FIG. 1 is a graph of the UV absorption spectra of Au @ PEI particle solutions in example 1 in the presence of different concentrations of perfluorooctanecarboxylic acid;
FIG. 2 is a linear plot of perfluorooctane carboxylic acid concentration versus UV absorbance for example 1;
FIG. 3 is a plan view of the rapid test device of embodiment 2;
fig. 4 is a perspective view of the rapid detection device of embodiment 2.
Reference numerals:
1-a box body; 2-box cover; 3-sampling syringe; 4-a filtration membrane; 5-reagent tube rack; 6-colorimetric probe reagent tube; 7-cuvette pool; 8-uv-vis light source; 9-sliding the sample tank; 10-a photoelectric converter; 11-a data display screen; 12-operation key area; 13-waterproof wear-resistant surface layer; 14-dark chamber lid; 15-charging and data interface.
Detailed Description
Example 1
In example 1, perfluorooctane carboxylic acid (PFOA) is selected as the medium-and long-chain perfluorocarboxylic acid, but the embodiment of the present invention is not limited to perfluorooctane carboxylic acid, and may be applied to medium-and long-chain perfluorocarboxylic acids such as perfluorononanoic acid, perfluorodecanoic acid, perfluoroundecanoic acid, and perfluorotetradecanoic acid.
A method for rapidly detecting medium-long chain perfluorocarboxylic acid in a water sample comprises the following steps:
s1, preparation of Au @ PEI particles: adding 1.5mL of 1mg/mL polyethyleneimine solution into 30mL of 0.5mmol/L chloroauric acid solution, wherein the average molecular weight of polyethyleneimine is 2000g/mol, stirring for 20 minutes, then continuously adding 1.2mL of 25mmol/L sodium borohydride solution, taking sodium borohydride as a reducing agent to rapidly reduce chloroauric acid into gold nanoparticles, and stirring the reaction solution at room temperature for 2 hours to obtain the Au @ PEI particle solution.

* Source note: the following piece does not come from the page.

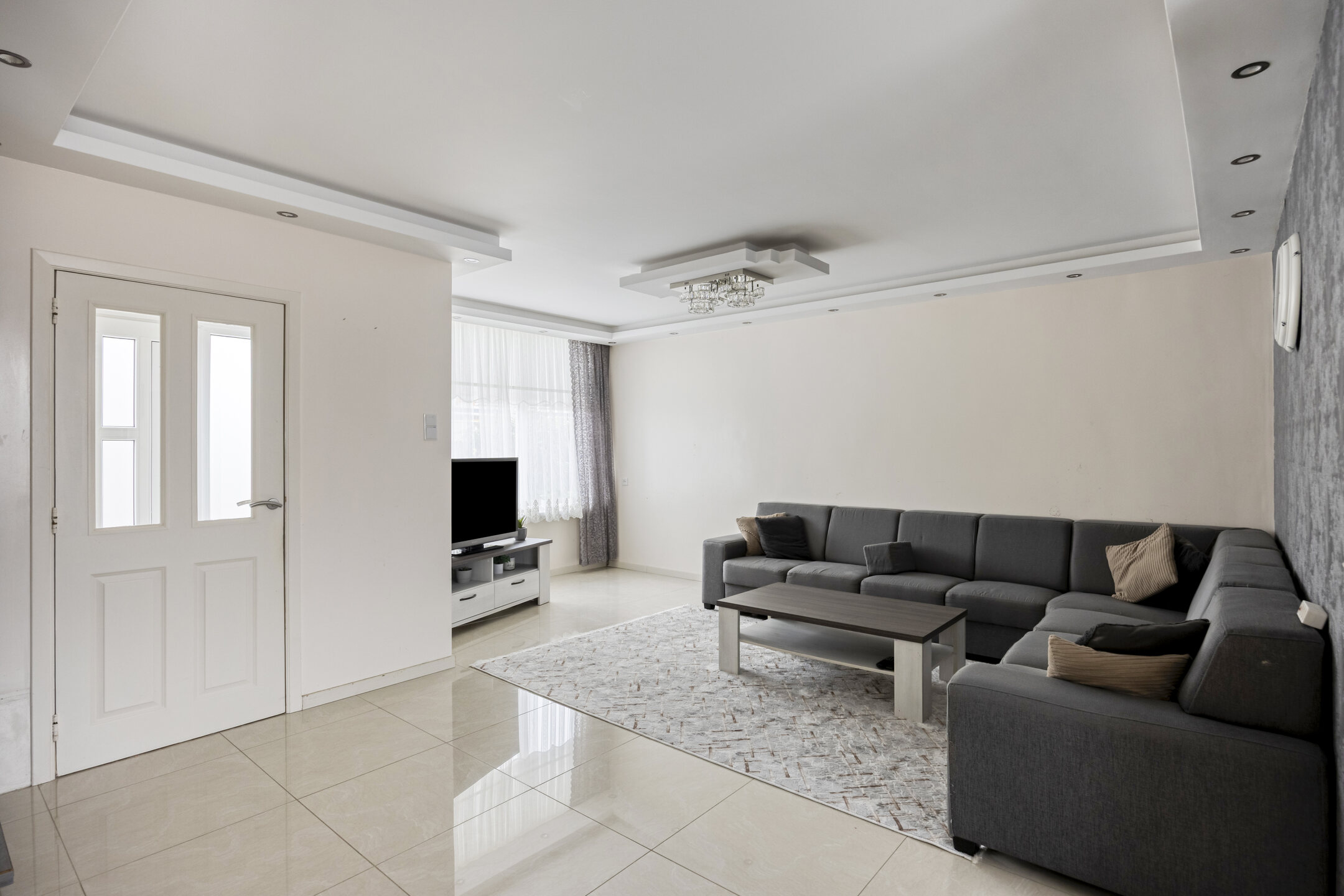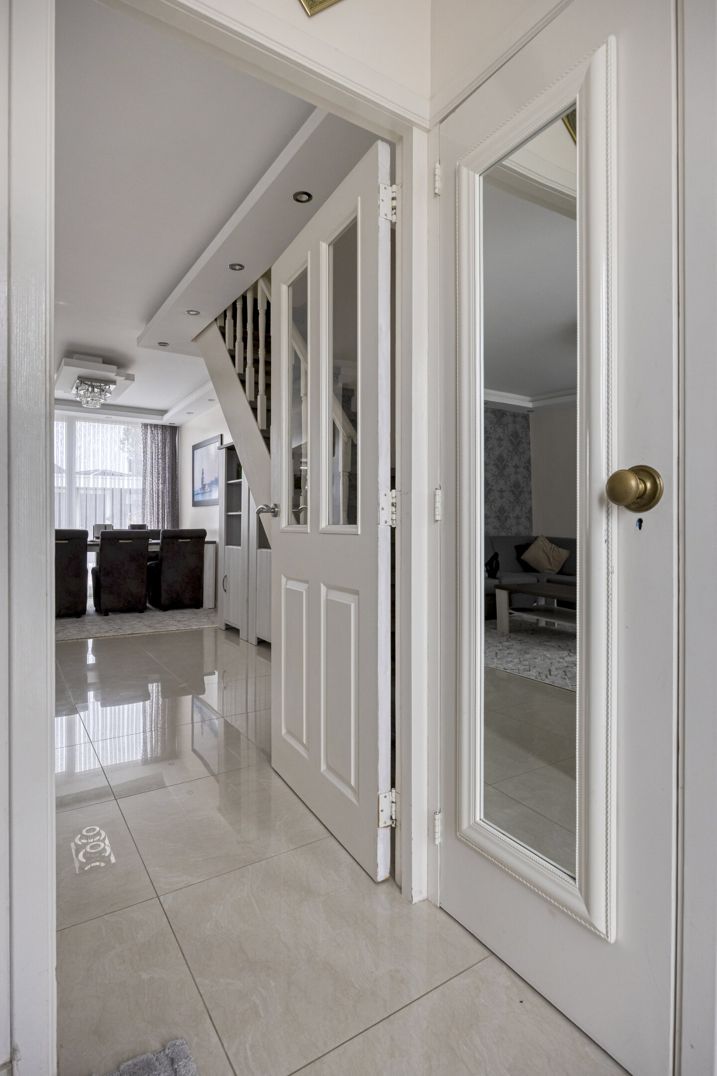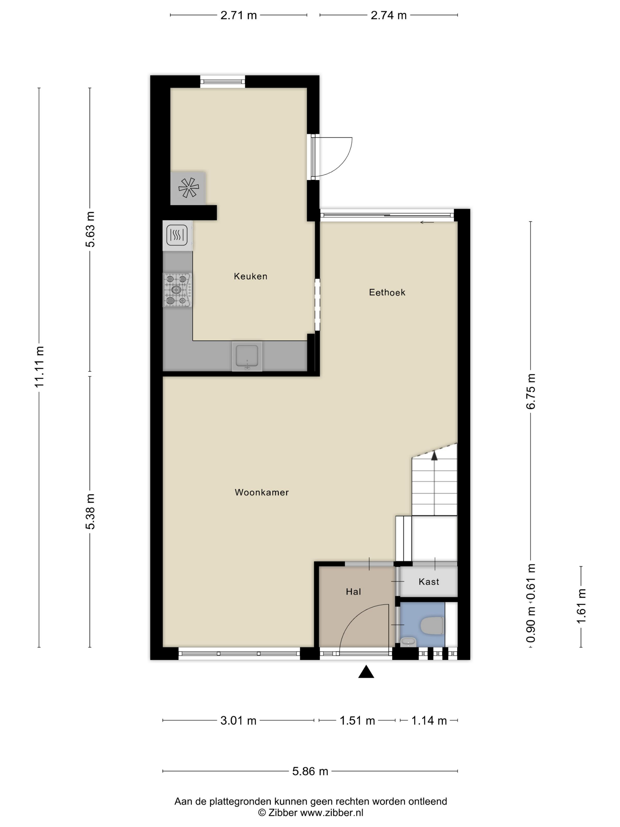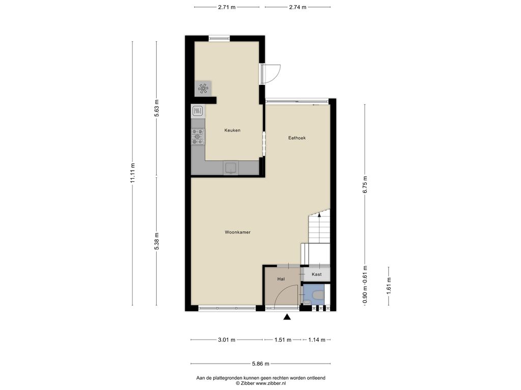 Begane grond: hal met modern toilet v.v. vrijhangend closet en meterkast (groepenkast met schakelaars); royale Z-vormige woonkamer van 35 m2, met ruimte voor de zithoek, ruimte voor de eethoek, schuifpui naar de achtertuin, trap naar de verdieping en vaste kast; grote keuken van 15 m2, met ruim opgezette moderne hoekopstelling v.v. inbouwapparatuur: vaatwasmachine, 5 pits gaskomfoor, brede afzuigschouw en combioven, de keuken is uitgebreid middels een aanbouw aan de achtergevel v.v. separate tuindeur; de begane grond is modern afgewerkt met een plavuizen vloer v.v. hoofdvloerverwarming, glad gestuukte wanden en glad gestuukte plafonds, met verlaagde delen v.v. inbouwverlichting.

S2, obtaining a concentration-color standard colorimetric system:
s201, preparing a perfluorooctane carboxylic acid standard solution: after dissolving the perfluorooctane carboxylic acid, preparing 4mg/mL perfluorooctane carboxylic acid standard stock solution, and then gradually diluting the stock solution into 8 parts of perfluorooctane carboxylic acid standard solutions with the concentrations of 0.2, 0.4, 0.6, 0.8, 1.2, 1.6, 2.0 and 2.4mg/mL respectively.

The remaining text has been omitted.